### Exercise material
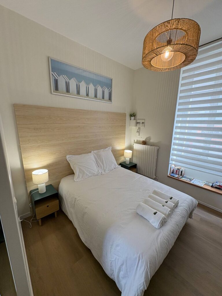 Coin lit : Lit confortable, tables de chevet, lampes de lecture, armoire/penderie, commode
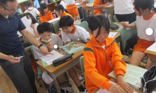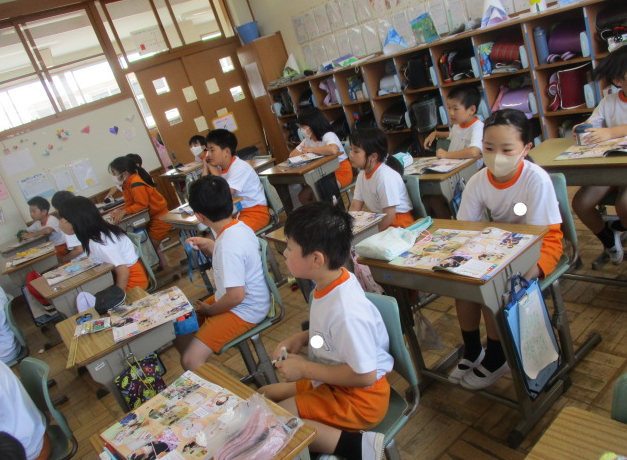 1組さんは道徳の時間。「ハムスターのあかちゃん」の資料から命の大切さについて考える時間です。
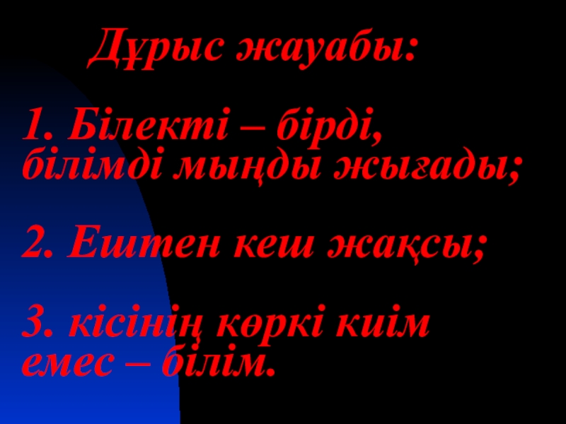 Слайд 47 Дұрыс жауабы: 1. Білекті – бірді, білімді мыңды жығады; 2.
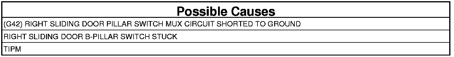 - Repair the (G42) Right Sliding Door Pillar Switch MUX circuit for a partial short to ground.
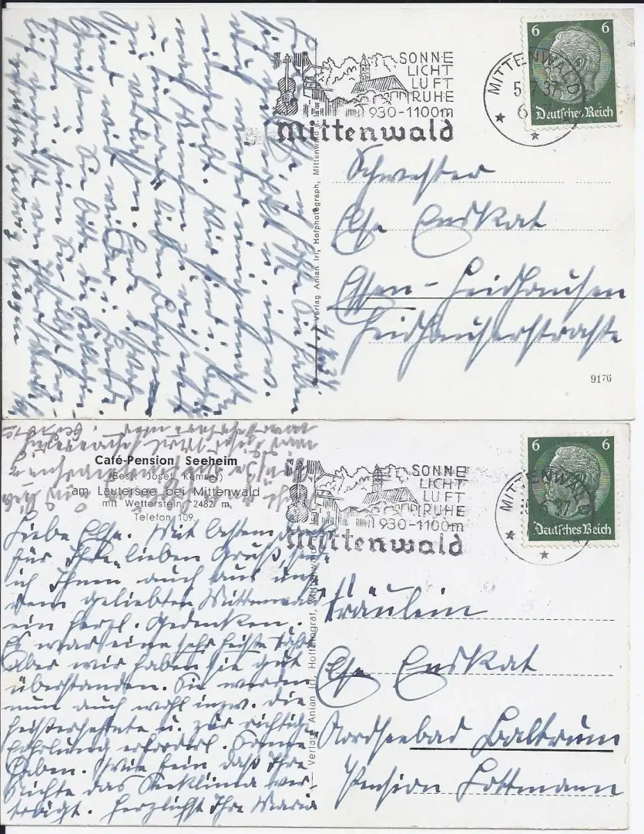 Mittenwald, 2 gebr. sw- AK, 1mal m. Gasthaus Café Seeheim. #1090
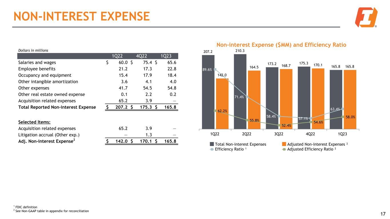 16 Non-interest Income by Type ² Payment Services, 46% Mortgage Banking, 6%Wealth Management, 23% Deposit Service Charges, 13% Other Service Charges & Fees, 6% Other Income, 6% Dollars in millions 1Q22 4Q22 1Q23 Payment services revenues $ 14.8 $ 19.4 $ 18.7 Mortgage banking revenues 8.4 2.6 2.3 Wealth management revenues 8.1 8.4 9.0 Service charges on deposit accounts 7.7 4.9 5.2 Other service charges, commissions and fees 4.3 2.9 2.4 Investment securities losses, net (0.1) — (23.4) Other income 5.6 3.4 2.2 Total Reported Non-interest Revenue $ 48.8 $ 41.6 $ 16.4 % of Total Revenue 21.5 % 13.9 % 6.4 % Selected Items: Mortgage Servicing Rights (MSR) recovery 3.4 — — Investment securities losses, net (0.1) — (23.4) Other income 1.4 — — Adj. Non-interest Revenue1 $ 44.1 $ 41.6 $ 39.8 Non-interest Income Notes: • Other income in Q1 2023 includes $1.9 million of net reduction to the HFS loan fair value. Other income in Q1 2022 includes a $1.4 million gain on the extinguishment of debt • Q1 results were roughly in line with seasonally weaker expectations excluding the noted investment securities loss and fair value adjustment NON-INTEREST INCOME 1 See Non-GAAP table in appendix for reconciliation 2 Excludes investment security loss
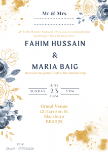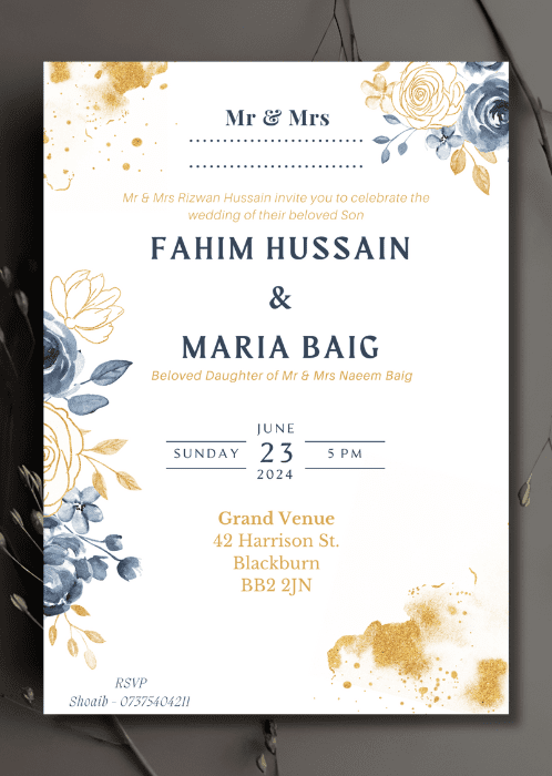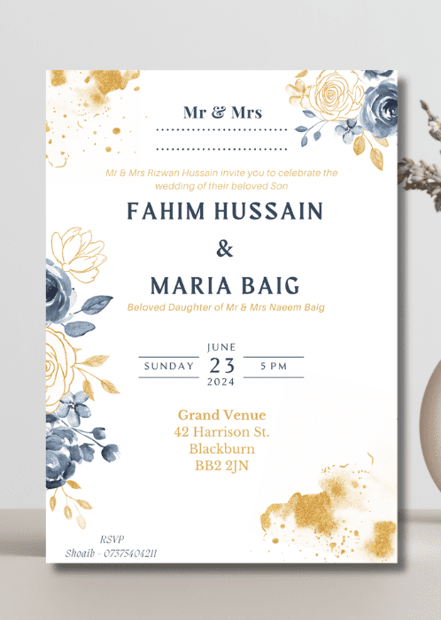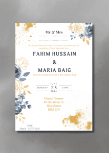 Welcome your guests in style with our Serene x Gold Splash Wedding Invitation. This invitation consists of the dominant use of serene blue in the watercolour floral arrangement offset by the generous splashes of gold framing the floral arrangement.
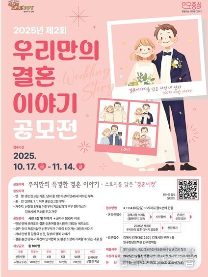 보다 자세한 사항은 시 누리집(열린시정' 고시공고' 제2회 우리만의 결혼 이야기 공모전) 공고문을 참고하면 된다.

### About this task
Looking above, find the stretch of lines that opens with the one holding "- Repair the" and closes with the one holding "Mittenwald, 2 gebr.". Copy it exactly, pictures excluded.

### Result of this exercise
 - Repair the (G42) Right Sliding Door Pillar Switch MUX circuit for a partial short to ground.
 Mittenwald, 2 gebr. sw- AK, 1mal m. Gasthaus Café Seeheim. #1090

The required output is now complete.